Foreign aid is somewhat responsive to population, but far from proportional. Small poor countries tend to get more aid per capita.

More workers in agriculture certainly have some value, but again given how many people there are already in agriculture (two thirds of the labor force) more workers will not add much value. The scarce land limits the value of more labor.

Haiti's per capita GDP would be 43% higher if today's aid and remittances were shared on their 1960 population instead of their current population (assuming it aid and remittances were same, but ignoring agriculture).

The idea of population control has been discredited in rich countries. The reason is that with our institutions, wealth is produced by labor. More mouths also mean more hands, so per capita income is generally not related to population size. Since more people produce more ideas, growth may even increase with population size for rich countries.
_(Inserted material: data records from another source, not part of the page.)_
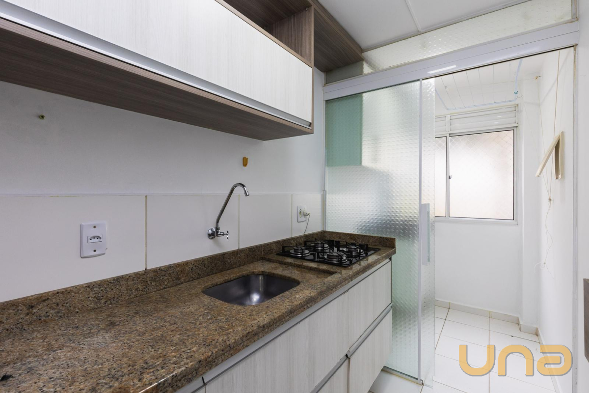 Cozinha mobiliada com armários, pia em granito e cooktop, pensada para oferecer praticidade no dia a dia.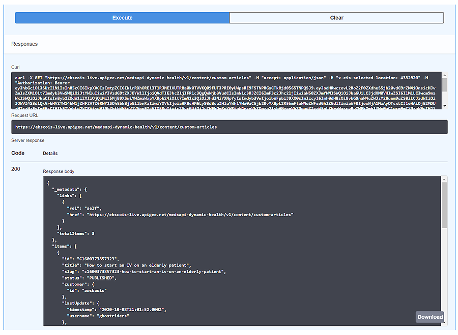 - Click the Execute button. The interface makes a request to MEDSAPI Dynamic Health with your desired parameters. The Request URL, response code, and response body for your parameters are displayed below the Execute button.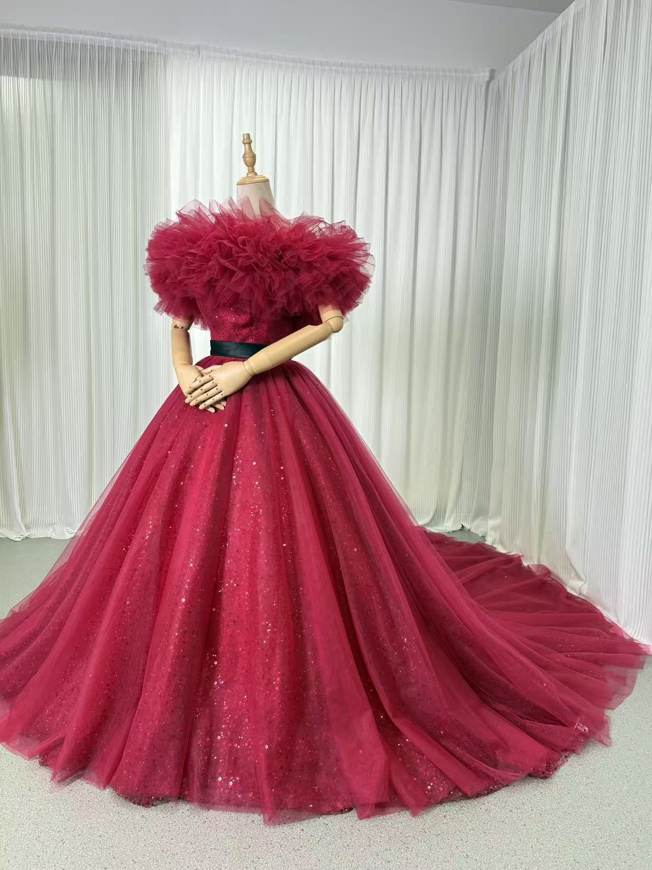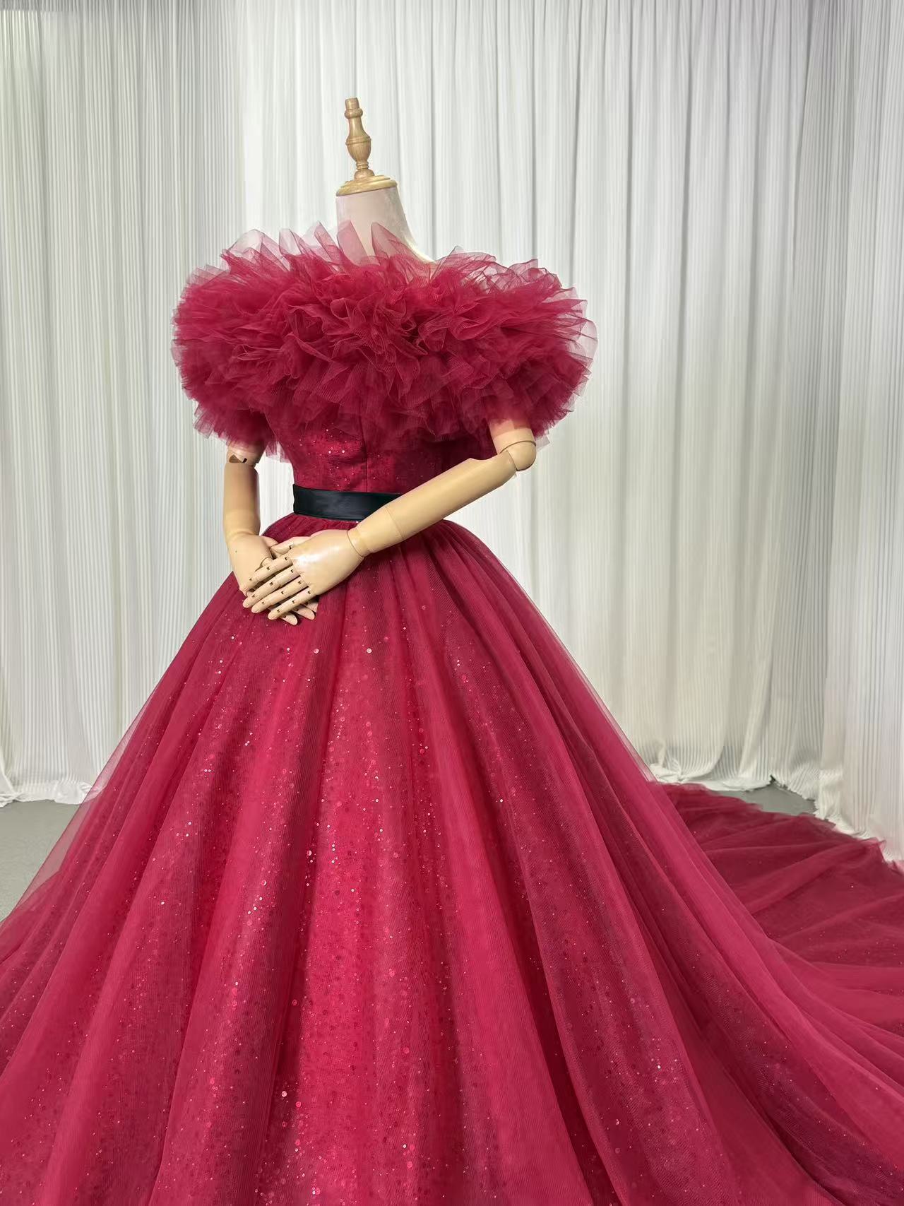 輝きな光彩を放つ 取り外しオフショルダー ワインレッド カラードレス 華やかなトレーン プリンセスライン 結婚式/披露宴
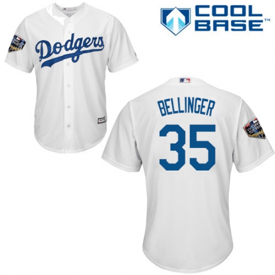>Youth Majestic Los Angeles Dodgers #35 Cody Bellinger Authentic White Home Cool Base 2018 World Series MLB Jersey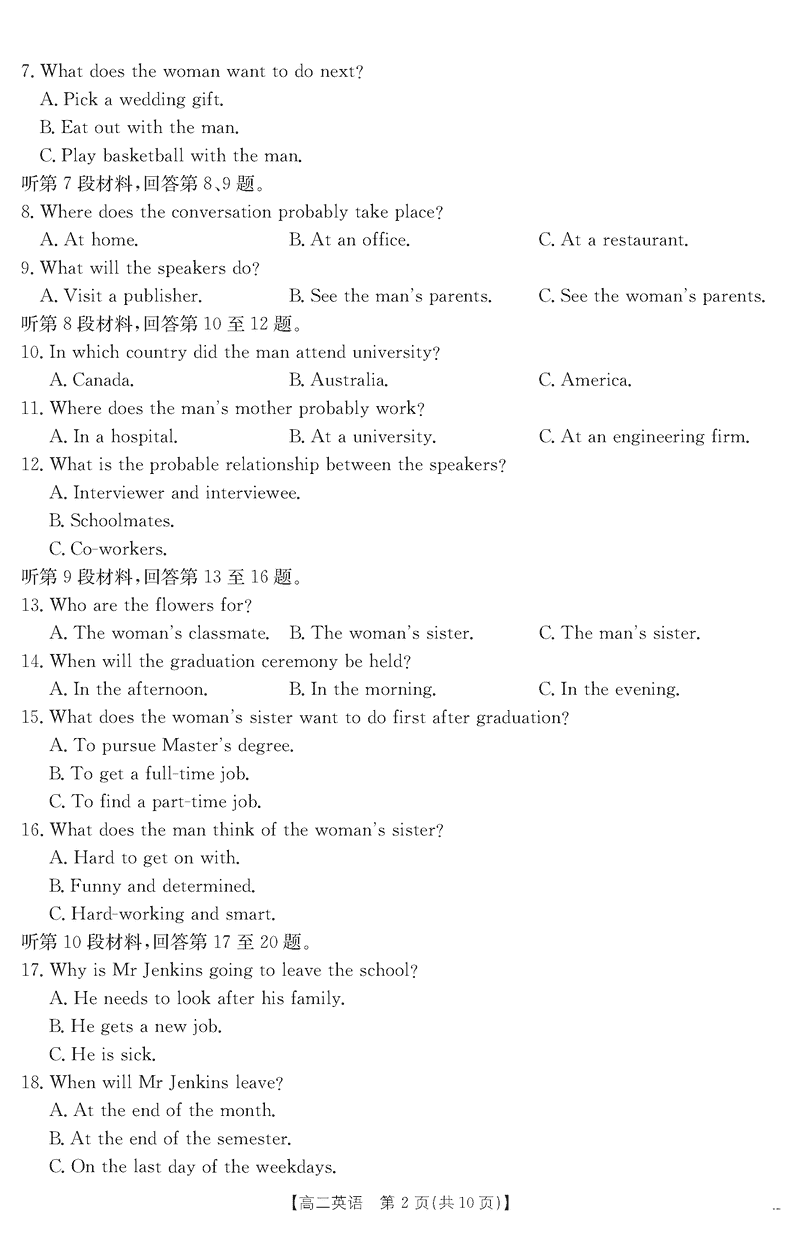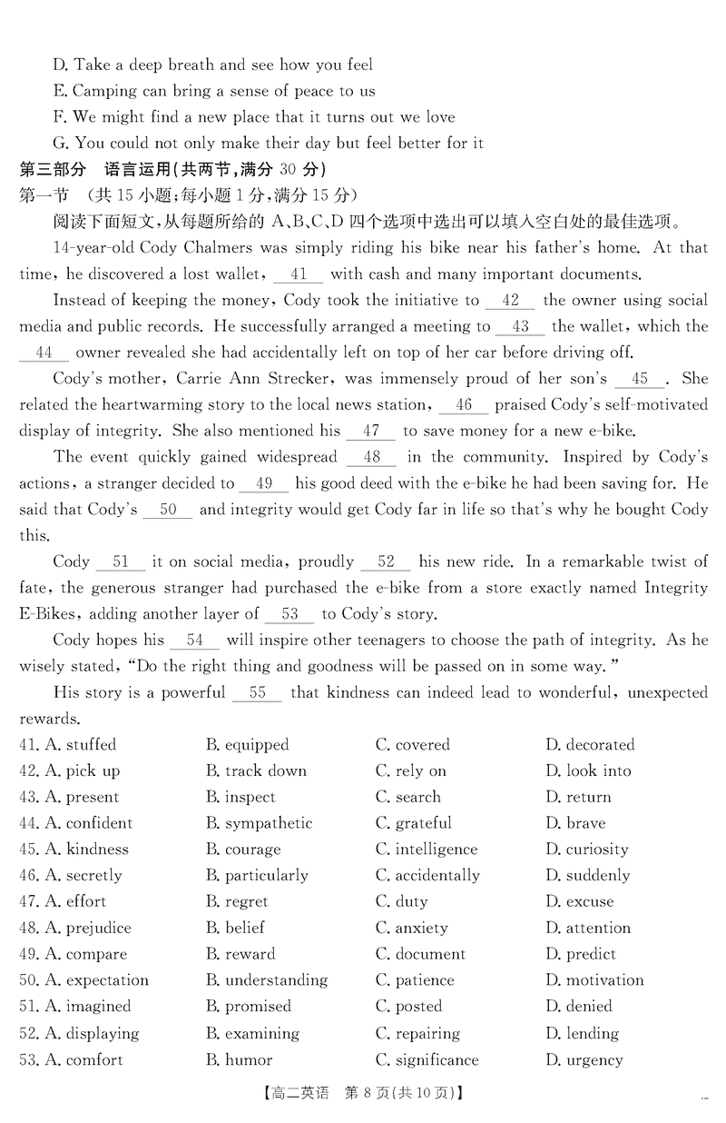 河北金太阳2024-2025学年高二下学期7月期末英语试题质量较高,题型多样,将作为考察考生对相应考点的掌握程度,考后将及时整理试题及答案解析相关信息,以供考生学习交流!

Furthermore, people like Paul Ehrlich helped damaged the reputation of population control through alarmist predictions that did not pan out (because for the world as a whole they were not true). But as is common in intellectual debates there has been an overreaction, with many economists now dismissing population entirely as a problem.

While Ehrlich was wrong in general, population growth harms the standard of living in some specific cases, namely countries where a large share of income is derived from fixed assets (in Haiti's case land, relatives abroad and the generosity of foreign nations). The most obvious case where more people reduces the average standard of living is Saudi Arabia.

Economists should be more flexible in their analysis of countries problems. Population control in not an issue in nations where there are good enough institutions to have a manufacturing sector, but a huge problem where fixed assets are an important source of wealth, such as Haiti.